I searched insurance fraud on my phone and went down a rabbit hole of a side of the American lifestyle I had no idea existed. Pages on pages of people posting how they’d gotten married for the tax benefit, for medical care, for advantages when buying a house and getting a loan, etc. Some of them had partnerships written down on paper, sort of like a prenuptial agreement. Some just took the risk and went all-in with a friend or a business associate.
I stumbled upon a whole app for people in this exact situation. People marrying for benefits. It felt cold. It felt impersonal. It felt wrong. And yet, it also felt right. How could it be wrong for two people to not make the best life for themselves they possibly could?

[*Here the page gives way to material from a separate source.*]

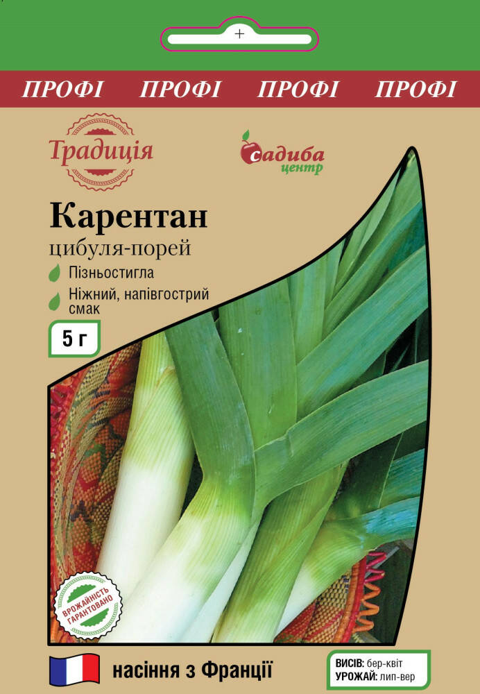 Карентан - пізньостиглий сорт цибулі порей з напівгострим смаком. Листя плескате, темно - зеленого кольору. Великі, довгі, білі стебла довжиною 18 - 22 см та шириною 4 - 6 см. Дуже простий у вирощуванні та продуктивний сорт. Можливе тривале зберігання у вертикальному положенні присипавши піском. Для споживання у свіжому вигляді та кулінарії.

As long as both parties went into it knowing exactly what it was, there really wasn’t a downside—unless you found someone else you wanted to marry.
I wasn’t looking for a wife. I wasn’t even looking for a girlfriend. Liesl and I had been good, but I’d never once wanted to put a ring on her finger and make her mine for a lifetime. The fact that I hadn’t wanted to had upset me more than the fact that she broke up with me when I said I’d been reassigned to Connecticut.
I gave up any thought of sleep, put on my running gear, and hit the street. I ran down to the academy grounds, waved my ID, and then hit the obstacle course which was, technically, for the academy recruits. I just threw myself into it, knowing the kink in my neck would either work itself out or go into a full-fledged spasm. I didn’t really care. Either way, the physical activity was a good way to put my brain at rest for a few minutes. I just concentrated on the course and getting through it at a pace that would break records if I was being timed. I might be eight to ten years older than some of the shitheads joining the academy, but I hadn’t let my body give way to a beer gut and sausage arms like some of my peers. Some of them did just enough to pass the physical, and some of them didn’t bother at all because they were resigning their commission after their latest contract. Me. I was a lifer. I didn’t need money. I didn’t need fame. I liked being useful. I liked what the Coast Guard stood for.
In many ways, Ava’s dad failing me my last year at A&M’s Maritime Academy had done me a favor. I hadn’t had any intention of going into the Coast Guard when I was at school. I’d been all about the Navy and the S.E.A.L.s, but after meeting Mac’s S.E.A.L. buddies, I thought the Coast Guard had been the better choice for me. I didn’t have a bunch of downtime between missions. I was actively involved in daily operations every time I had a shift.
After I burned myself up, I headed back toward town and the cottage. It put me past the bookstore once more, and I saw Violet behind the counter again. She didn’t look up from whatever book she had her nose stuffed in, and I didn’t go in. Violet Banner was way too smart and too mature for someone only sixteen years old.
But seeing Violet at the bookstore reminded me that Jersey was still feeling like shit.
Everything I’d tried to escape on the course came pounding back into my brain. I headed home, took a shower, put on clean clothes, and got in the pickup before I could think too hard about what I was doing. Before I could talk myself out of it.
I parked in the driveway behind Jersey’s Civic and let myself into the house. It was quiet, and I wondered if I’d find her in her bed again. I wasn’t sure if I could do this if she was in bed. I wasn’t sure I could do this even if she wasn’t.
I stood in the hallway, flicking my nails.
The door to the library opened, and Jersey came out. She was in another pair of leggings and a long sweater the color of lilacs. A color which brought out the shade of her eyes. Her pale hair was up in a ponytail, emphasizing her slender neck and heart-shaped face. She had more color in her cheeks than she’d had a few hours before, but not much.
She yelped, startled when she saw me. Hand to her heart.
“Holy Avengers, you scared me,” she said.